Keunggulan lain gerakan ini adalah tata kelola. Lazismu dan MDMC memiliki rekam jejak transparansi dan akuntabilitas. Kepercayaan publik—mata uang utama filantropi—dirawat melalui mekanisme yang jelas dan kedekatan dengan penerima manfaat.
Dari Kotak Infak ke Ketahanan Sosial Bangsa
Tanpa perlu gaduh, Muhammadiyah menunjukkan bahwa kepedulian dapat dijalankan secara sistemik, sunyi, dan berdampak. Ia tidak menunggu status bencana nasional atau sorotan kamera. Ia bekerja dari bawah—dari mimbar Jum’at, dari kotak infak yang tampak sederhana namun menyimpan kekuatan besar.
Di sini, spiritualitas bertemu rasionalitas. Dalam tradisi Islam, memberi adalah penyucian diri dan pengikat persaudaraan. Dalam bahasa ekonomi modern, ia adalah redistribusi sumber daya. Muhammadiyah berhasil menjembatani keduanya.
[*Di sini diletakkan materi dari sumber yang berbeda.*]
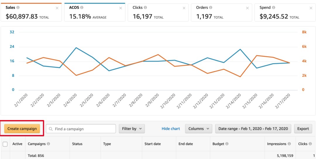 セラーセントラルのCampaign Managerをクリックし、Create Campaignを選択します。

Sekitar Rp70 miliar mungkin tampak kecil dibanding kerugian bencana yang mencapai triliunan rupiah. Namun dampaknya nyata: dapur umum menyala, obat tersedia, tenda berdiri, dan—yang tak kalah penting—harapan tetap hidup.
Bagi bangsa yang rawan bencana, gerakan infak Jum’at ini memberi pelajaran penting: ketahanan sosial dibangun dari bawah, dari jamaah yang percaya bahwa kebaikan, jika dilakukan bersama, akan selalu menemukan jalannya.
Dan setiap Jum’at, di sela doa dan sujud, kita diingatkan bahwa kemanusiaan adalah ibadah yang paling dekat dengan kehidupan.